Test if all values in a list are unique

Question

I have a small list of bytes and I want to test that they're all different values. For instance, I have this:

List<byte> theList = new List<byte> { 1,4,3,6,1 };

What's the best way to check if all values are distinct or not?

Answer 1

Okay, here is the most efficient method I can think of using standard .Net

using System;
using System.Collections.Generic;

public static class Extension
{
    public static bool HasDuplicate<T>(
        this IEnumerable<T> source,
        IEqualityComparer<T> comparer,
        out T firstDuplicate)
    {
        ArgumentNullException.ThrowIfNull(source);
        ArgumentNullException.ThrowIfNull(comparer);
        
        (bool result, firstDuplicate) = HasDuplicateImplementation(source, comparer);
        
        return result;
    }
    
    public static bool HasDuplicate<T>(
        this IEnumerable<T> source,
        out T firstDuplicate)
    {
        ArgumentNullException.ThrowIfNull(source);
        var comparer = EqualityComparer<T>.Default;
        
        (bool result, firstDuplicate) = HasDuplicateImplementation(source, comparer);
        
        return result;
    }
    
    private static (bool, T) HasDuplicateImplementation<T>(
        IEnumerable<T> source,
        IEqualityComparer<T> comparer)
    {
        var checkBuffer = new HashSet<T>(comparer);
        foreach (var t in source)
        {
            if (!checkBuffer.Add(t))
            {
                return (true, t);
            }
        }
        
        return (false, default);
    }
}

essentially, what is the point of enumerating the whole sequence twice if all you want to do is find the first duplicate.

Answer 2

I check if an IEnumerable (aray, list, etc ) is unique like this :

var isUnique = someObjectsEnum.GroupBy(o => o.SomeProperty).Max(g => g.Count()) == 1;

Answer 3

One can also do: Use Hashset

var uniqueIds = new HashSet<long>(originalList.Select(item => item.Id));

            if (uniqueIds.Count != originalList.Count)
            {
            }

Answer 4

The similar logic to Distinct using GroupBy:

var isUnique = theList.GroupBy(i => i).Count() == theList.Count;

Answer 5

And another solution, if you want to find duplicated values.

var values = new [] { 9, 7, 2, 6, 7, 3, 8, 2 };

var sorted = values.ToList();
sorted.Sort();
for (var index = 1; index < sorted.Count; index++)
{
    var previous = sorted[index - 1];
    var current = sorted[index];
    if (current == previous)
        Console.WriteLine(string.Format("duplicated value: {0}", current));
}

Output:

duplicated value: 2
duplicated value: 7

http://rextester.com/SIDG48202

Answer 6

bool isUnique = theList.Distinct().Count() == theList.Count();

Answer 7

Here's another approach which is more efficient than Enumerable.Distinct + Enumerable.Count (all the more if the sequence is not a collection type).
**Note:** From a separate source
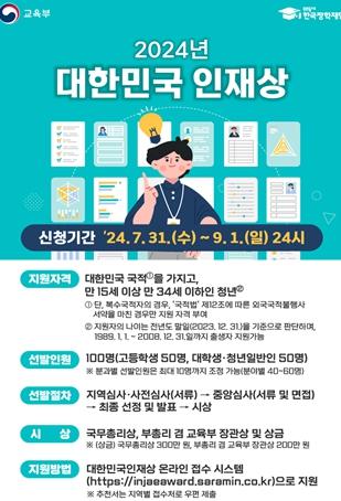 제주특별자치도는 ?2024 대한민국 인재상?에 추천할 제주지역 대학생과 청년 후보자를 오는 9월 1일까지 접수받고 있다.
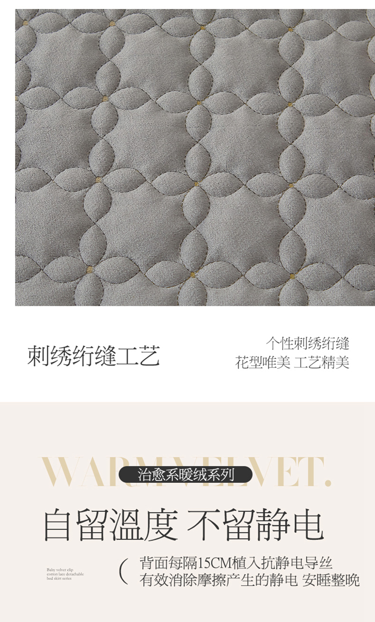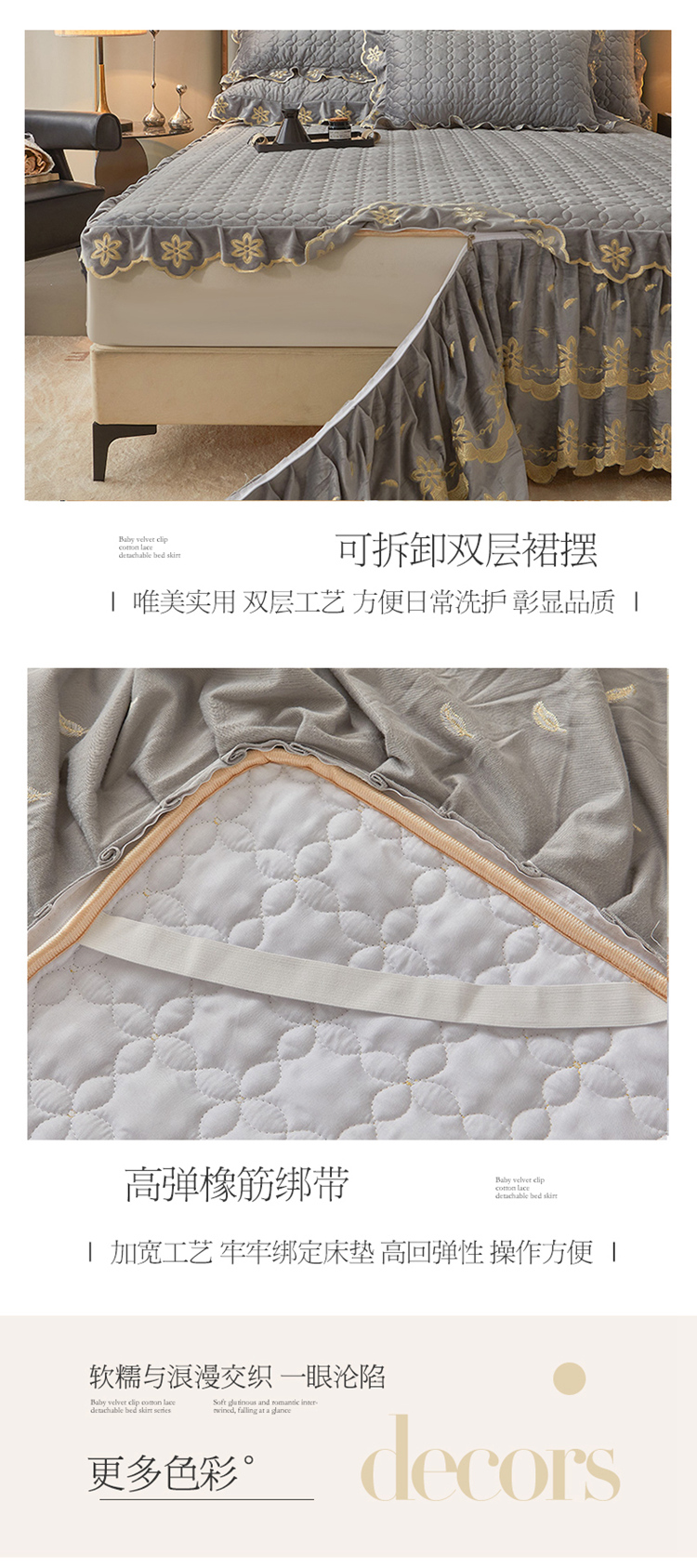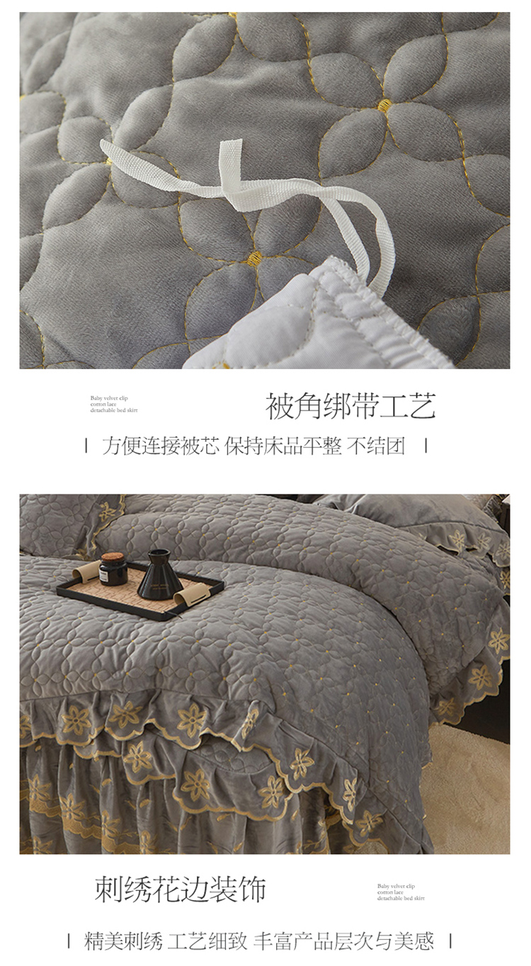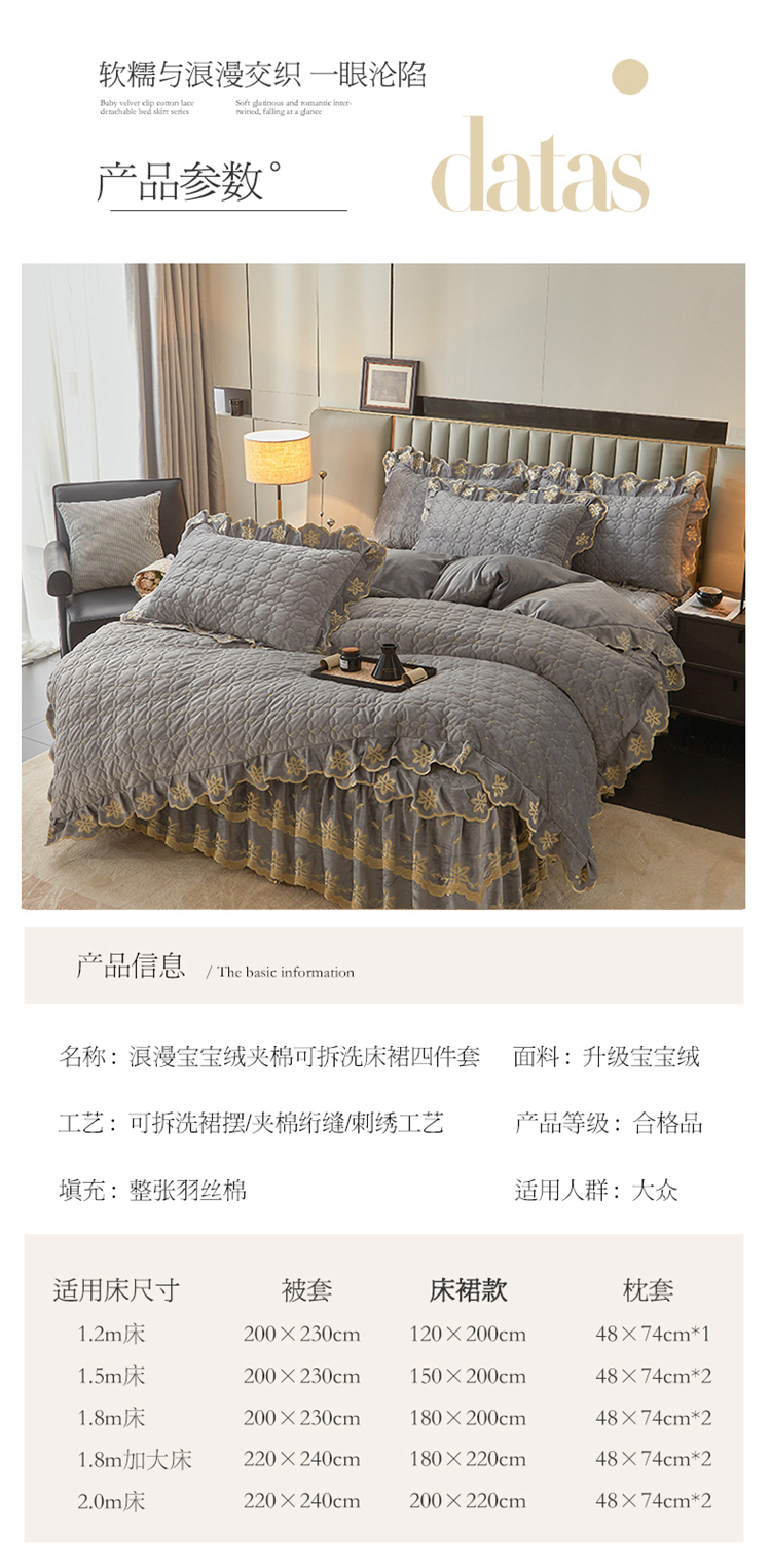 当前位置: 91家纺网 > 商品网购 > 床品套件 > 四件套 > 其它四件套 > 虹星家纺 2024新款可拆卸宝宝绒夹棉床裙三四件套-盛世芳华 盛世芳华 梦灰

It uses a HashSet<T> which eliminates duplicates, is very efficient in lookups and has a count-property:

var distinctBytes = new HashSet<byte>(theList);
bool allDifferent = distinctBytes.Count == theList.Count;

or another - more subtle and efficient - approach:

var diffChecker = new HashSet<byte>();
bool allDifferent = theList.All(diffChecker.Add);

HashSet<T>.Add returns false if the element could not be added since it was already in the HashSet. Enumerable.All stops on the first "false".

Answer 8

There are many solutions.

And no doubt more beautiful ones with the usage of LINQ as "juergen d" and "Tim Schmelter" mentioned.

But, if you bare "Complexity" and speed, the best solution will be to implement it by yourself. One of the solution will be, to create an array of N size (for byte it's 256). And loop the array, and on every iteration will test the matching number index if the value is 1 if it does, that means i already increment the array index and therefore the array isn't distinct otherwise i will increment the array cell and continue checking.